Первое избиение произошло через неделю – за то, что вовремя не приготовила обед. Она даже вскрик-нуть не успела, когда он, схватив ее за волосы, притащил на кухню, и, заломив ей руки за спину, стал тыкать лицом в стол, приговаривая:

– Это тебе не папин дом! Не папин дом! Не папин дом!

Наплакавшись, Лейла убежала. Домой.

– Ты что, с ума сошла, дочка? Что подумают люди? – сказал отец.

– Терпи. Тебе некуда возвращаться. Думаешь, твои братья лучше? Но мы ведь терпим, – сказали невестки.

– Возвращайся к мужу, а завтра мы с ним поговорим.
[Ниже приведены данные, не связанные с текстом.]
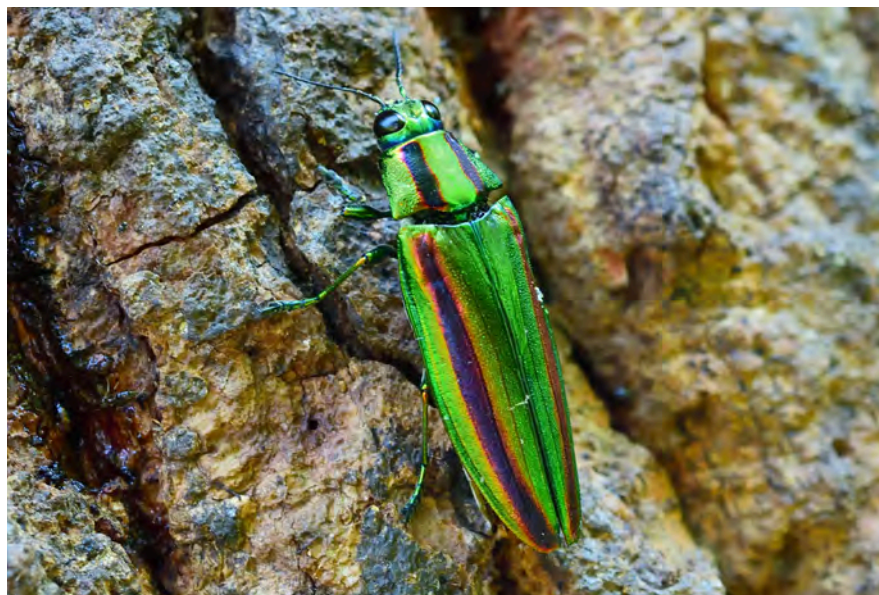
撮影地:静岡県駿東郡清水町

Не бойся, больше такого не повторится, – сказали братья, сажая ее на попутную машину.

Первый ребенок родился через девять месяцев. Весь ужас, страх и боль, пережитые ею за это время (муж не стыдился избивать ее и беременную), отразились на здоровье ребенка. Он появился на свет хилым и болезненным, но радость материнства немного компенсировала страдания от нелегкой участи. Правда, петь, смеяться и надеяться на лучшее она перестала. Избиения вошли в привычку. Она понимала, что надо сегодня перетерпеть, тогда завтра, возможно, будет спокойный день. Так и жила – терпела, рожала, терпела, рожала. Муж частенько отлучался  - то в город, то на войну забрали,  и это тоже было, хоть кратковременным, но счастьем. С войны он вернулся еще злее. Впрочем, кого война делает добрее?..

Когда старшему сыну стукнуло 16 лет, отец, взяв  из подвала сумку с чем-то тяжелым, повел его в горы. Вернувшись, сын по-секрету рассказал Лейле, что отец учил его стрелять из автомата.

– У нас есть автомат?

– Да, мама. А ты не знала? Отец с войны привез.

– Слава Богу, что не танк. Смотри, не говори младшим. А то доиграются.

Дети… Надежда и отрада. Чего ради них не вытерпишь? От чего не постараешься уберечь?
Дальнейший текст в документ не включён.